___ Material to process

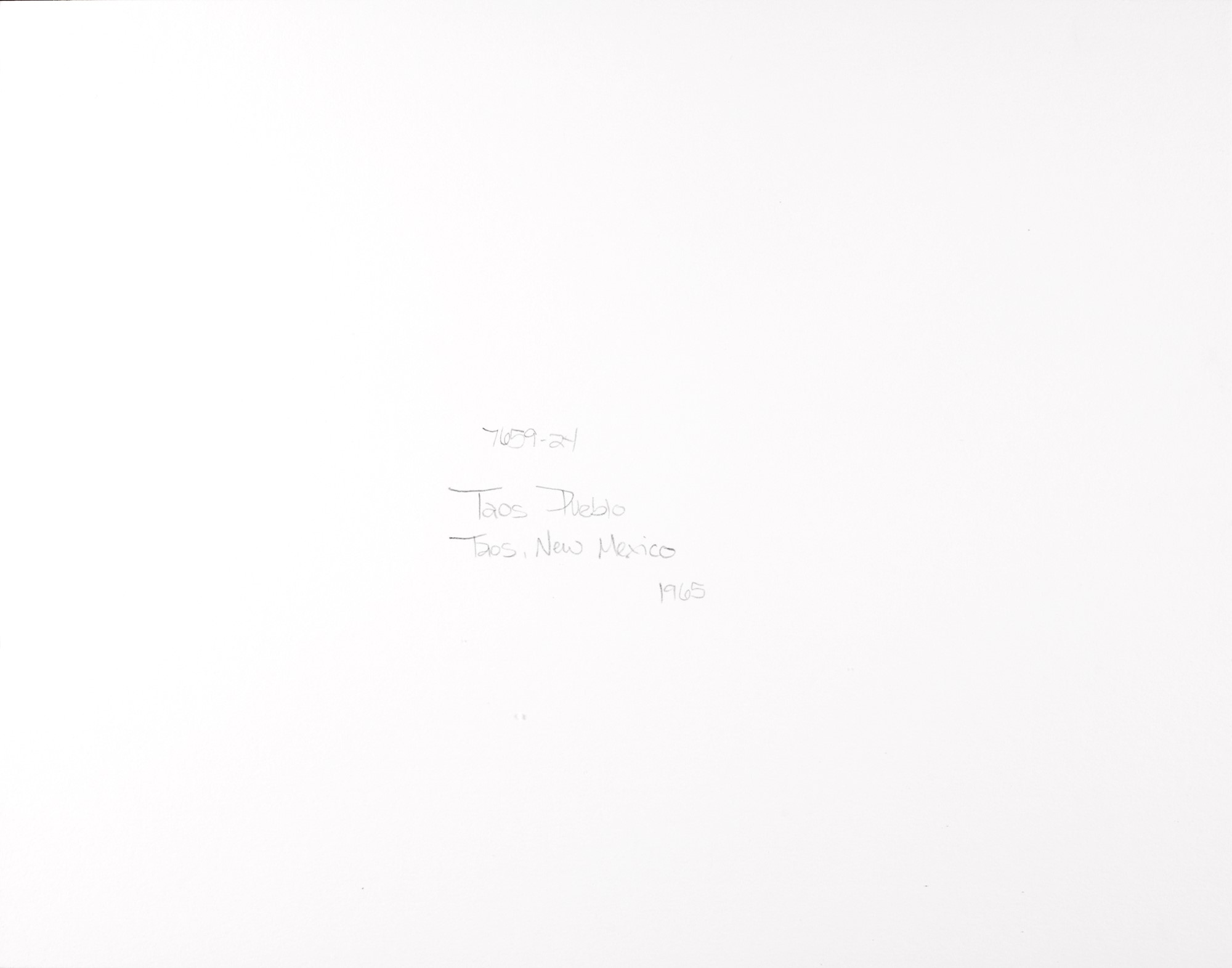 Myron Wood's Taos Pueblo portfolio spans the years 1961 to 1971. It includes portraits, daily activities, views of the pueblo and surrounding landscapes and scenes of public dances. A book entitled "Hollering Sun" (Simon and Schuster, 1972) was produced from this body of work.
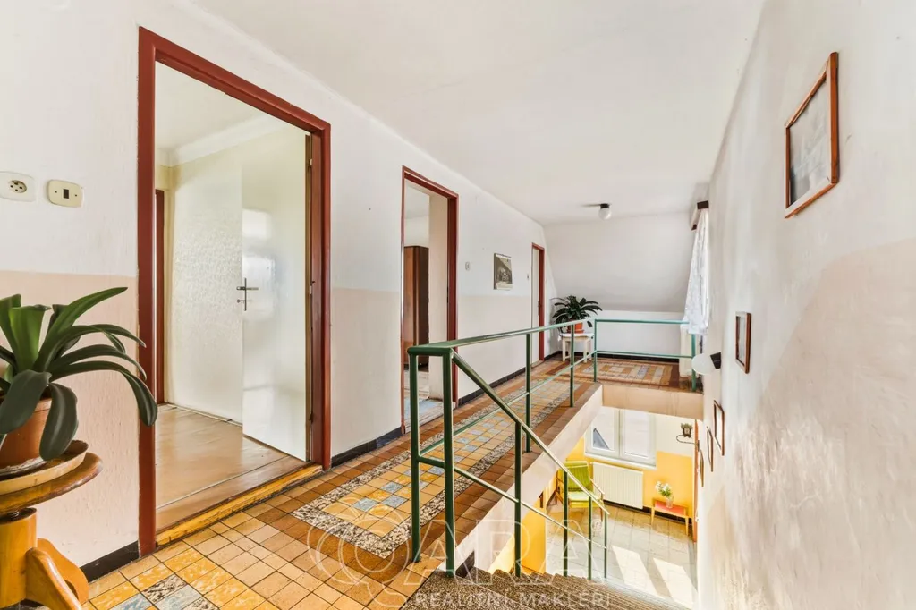 Po vstupu vás přivítá prostorná chodba se schodištěm, která přirozeně propojuje celý dům, a je zde také možnost projít do zahrady. V přízemí se nachází technické a sociální zázemí, dva pokoje a kuchyň. Ve druhém nadzemním podlaží se nachází tři plnohodnotné pokoje, půdní prostor a pokoj o velikosti 6 m, který může sloužit například jako pracovna.
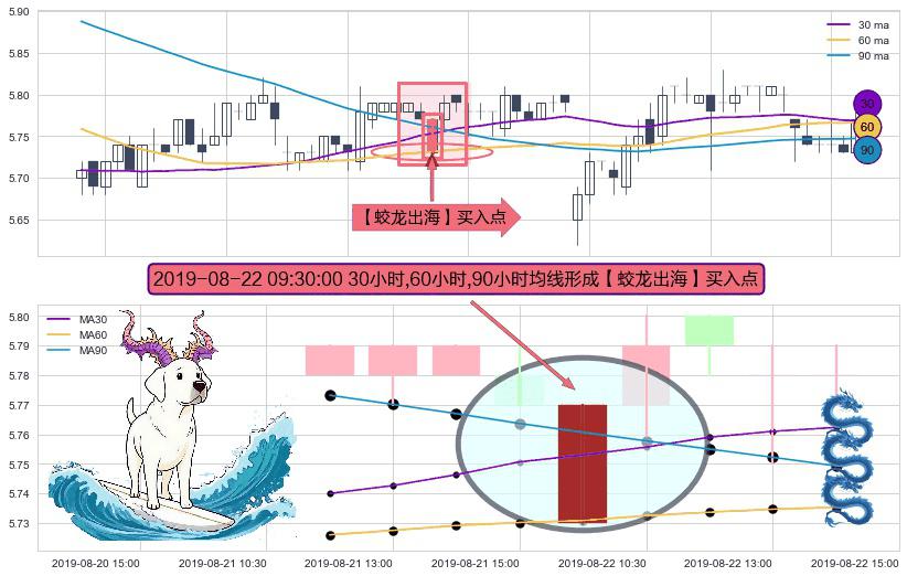 ⚀ 2019-08-22 09:30:00小时显现 30小时-60小时-90小时均线 【蛟龙出海】买入点 看多信号,后市看涨,买入
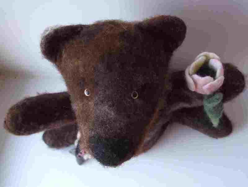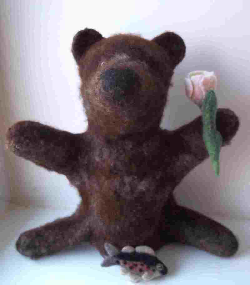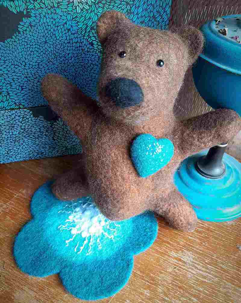 Вот и мой Медведь. Он получился идеальной толщины везде, но сзади более пестренький. В этом формате мне удалось все сделать лучше чем просто по МК. Вероятно потому, что сразу получаешь ответы на все возникающие по ходу вопросы. Очень удивлена, что флис весь привалялся без проблем, хотя думала, что все будет сложнее. Отличная группа и отлично работать с таким Мастером, как Ярослава. И еще раз огромное спасибо. И уже с нетерпением жду новой встречи.
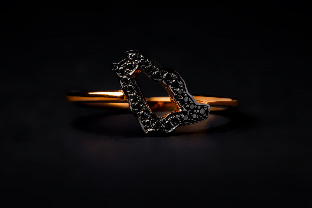 خاتم خريطة المملكة ذهب عيار 18 مرصع بلألماس الأسود
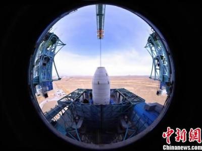 发射前夕,星箭对接完毕,发射塔架工作平台正在缓缓合拢。 初冬时节,大漠戈壁中...
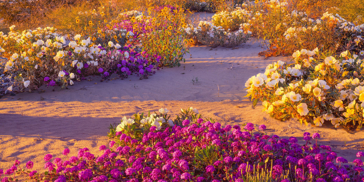 [800x]На границе США и Мексики в калифорнийской пустыне расположен второй по величине национальный парк в США - Анза Боррего (Anza-Borrego Desert State Park). Его территория занимает 2400 квадратных километров. Большую часть времени это безжизненная пустыня, но после зимнего дождливого сезона, начиная с марта, вся пустыня покрывается множеством цветов. Посмотреть на это событие приезжают люди со всей Америки. Центр обслуживания туристов находится в Боррего Спрингс, единственном значимом городке парка.
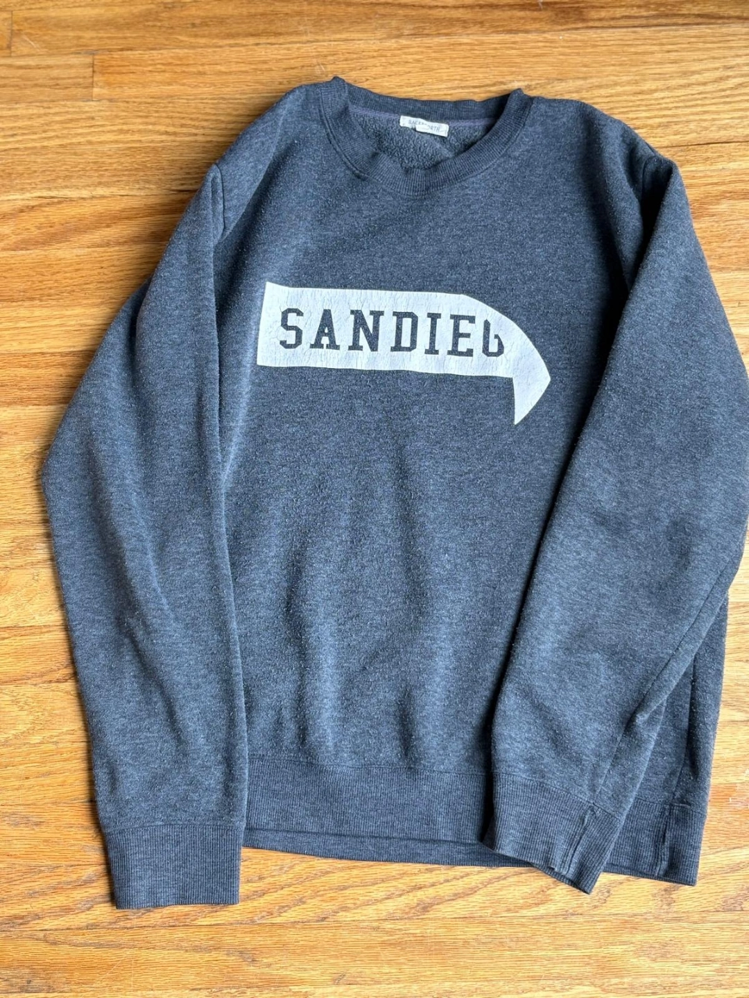 Grey crewneck sweatshirt. Features a white San Diego graphic. Long sleeves, ribbed cuffs and hem. Good used condition. Size small
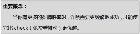 作为另一种计算方法,你可以说,相比check,成功的诈唬赚到了160美元,而不成功的诈唬损失了190美元,因此你需要在190/(190 + 160) = 54%的时候诈唬成功。
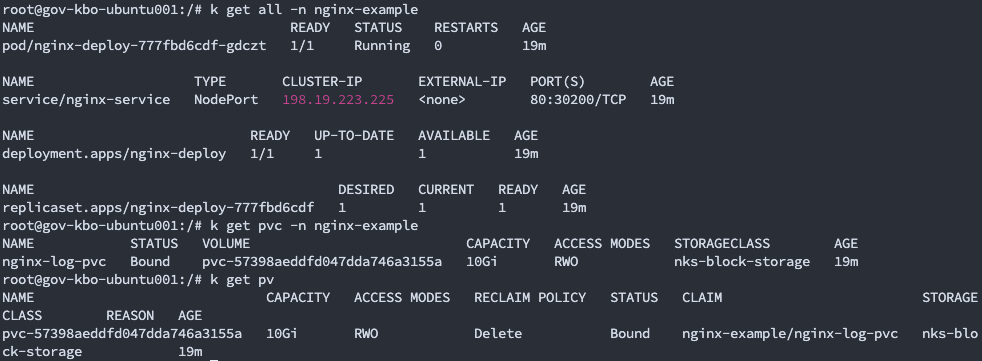 복구요청 이후 nginx-example 네임스페이스의 오브젝트들이 복구된 것을 확인합니다.
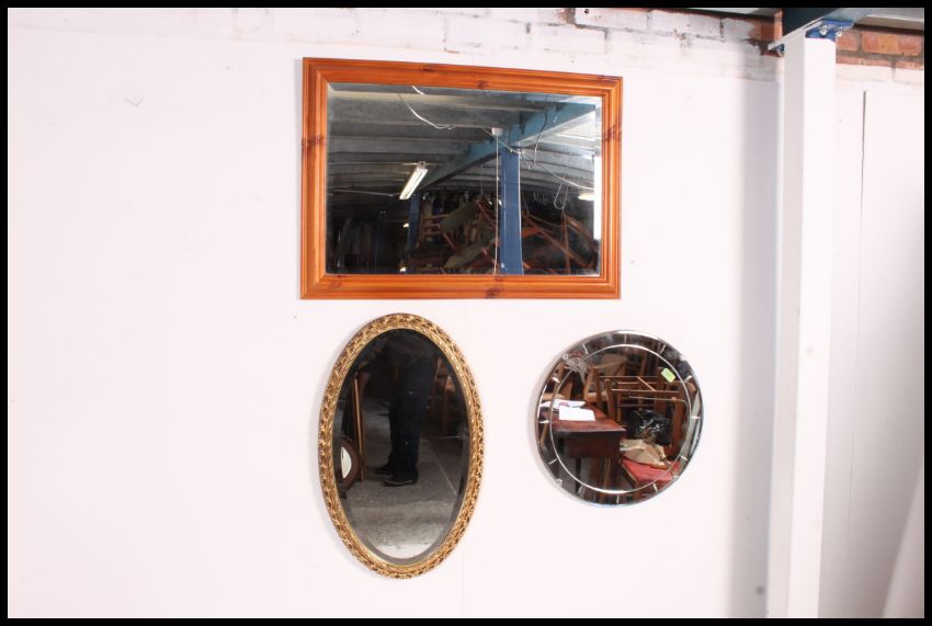 A bevelled edge art deco mirror along with a reproduction oak framed bevel edge mirror and a contemporary large pine framed mirror. 87x53cm
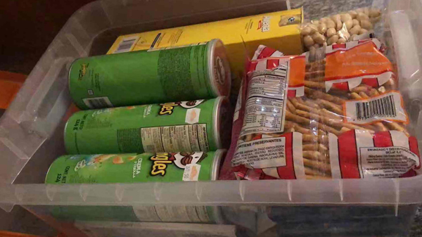 在她一个人租住的房屋内,冰箱冷冻室被肉塞得满满的。她说虽然自己不爱吃肉,但还是跟风买了很多。冷藏室有水果蔬菜和饮料,对于独居的阿再来说,至少是两三周的量。薯片、饼干等零食也是满满一箱,此外还有三桶饮用水和十几瓶矿泉水。
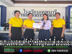 ผอ.รร.เทพนารีมอบทุนการศึกษาน้องเอเธนส์ที่คว้ารางวัลเหรียญเงินปืนสั้นระดับประเทศ
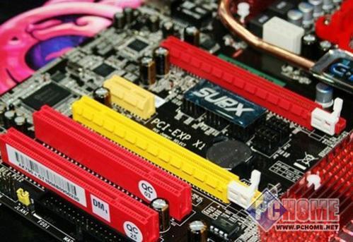 魔剑790GX配备了三条PCIE X16物理插槽,可支持AMD当红的混合交火、双卡交火两大增速模式,未来还可支持AMD 三卡交火并联系统。
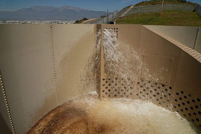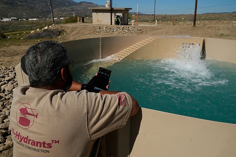 At a distant site in the southern Californian town of Cabazon, contractor Glenn Chavez was perched atop a ladder, looking inside an abandoned Heli-Hydrant. Holding a radio, he pressed a button to start the system, observing as water surged into the reservoir. Within approximately six minutes, it had accumulated 32,176 liters of water.
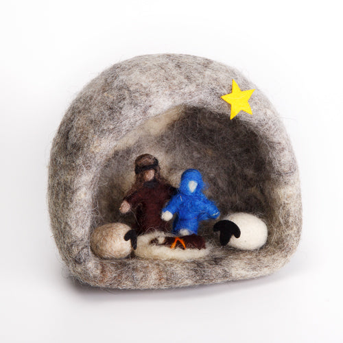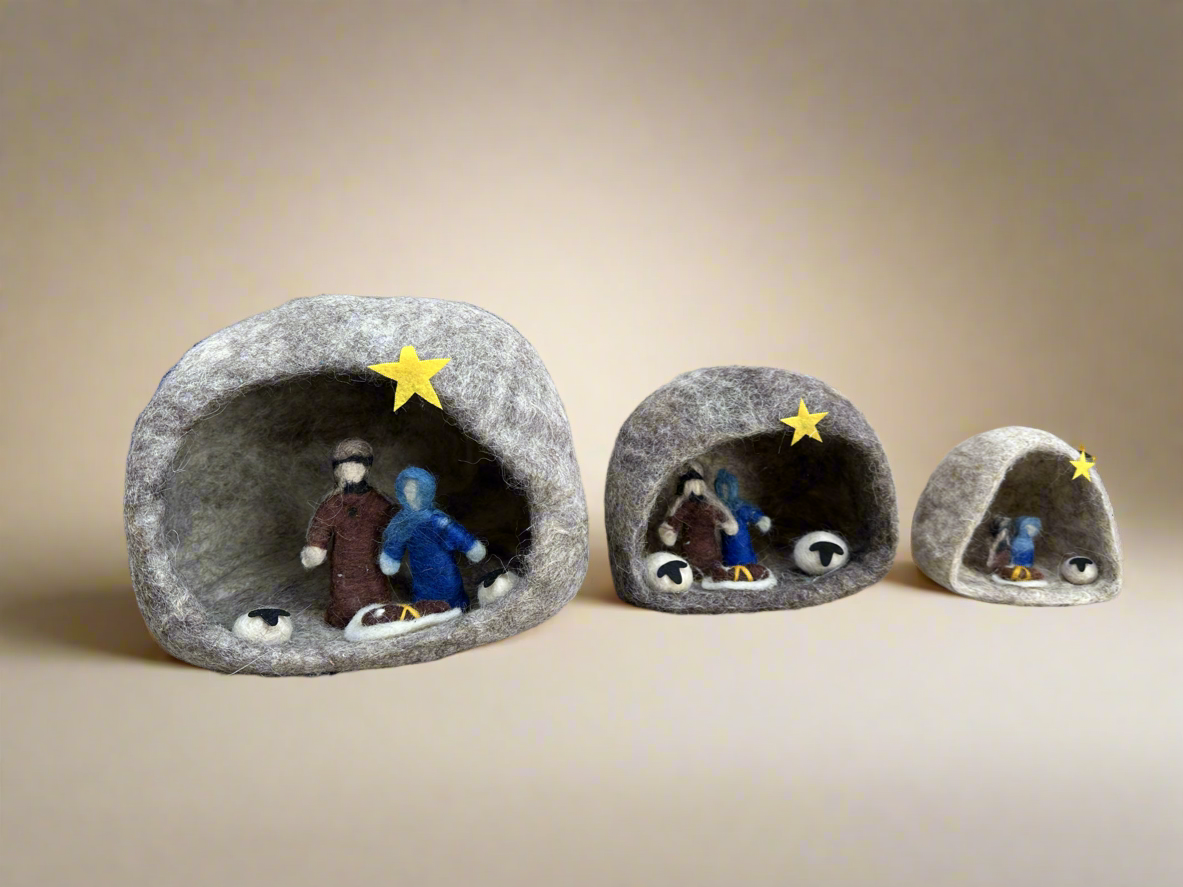 Handmade 100% natural sheep wool nativity grotto sourced from a local shepherdess.
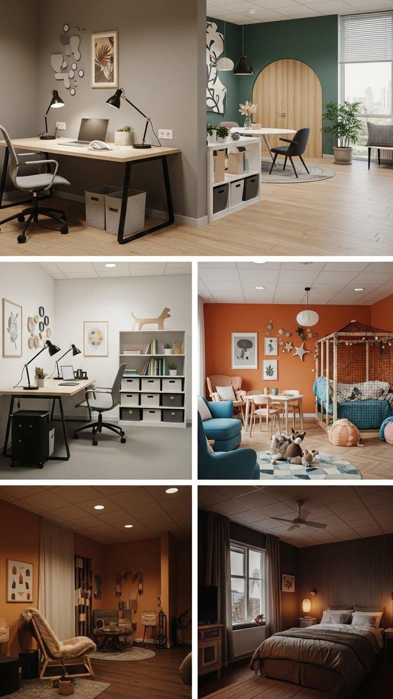 You’ll choose terracotta accents, linen textures, and matte wood to craft a grounded, uncluttered workspace. Let natural light and sculptural ceramics define zones so you can work freely, stay inspired, and move between tasks with quiet confidence.
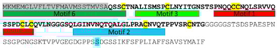 Sequence of LTPg5 protein, including the identified motifs. Signal peptide is shown in grey and the sequence corresponding to the nsLTP is in bold. Cysteine residues are marked yellow. Motifs are shown below the sequence. The GPI anchor is attached at amino acid 146 (S, marked blue).

______

Set down word for word the lines beginning with the one containing "You’ll choose terracotta" and ending with the last line of the listing, inclusive. Omit every picture.

 You’ll choose terracotta accents, linen textures, and matte wood to craft a grounded, uncluttered workspace. Let natural light and sculptural ceramics define zones so you can work freely, stay inspired, and move between tasks with quiet confidence.
 Sequence of LTPg5 protein, including the identified motifs. Signal peptide is shown in grey and the sequence corresponding to the nsLTP is in bold. Cysteine residues are marked yellow. Motifs are shown below the sequence. The GPI anchor is attached at amino acid 146 (S, marked blue).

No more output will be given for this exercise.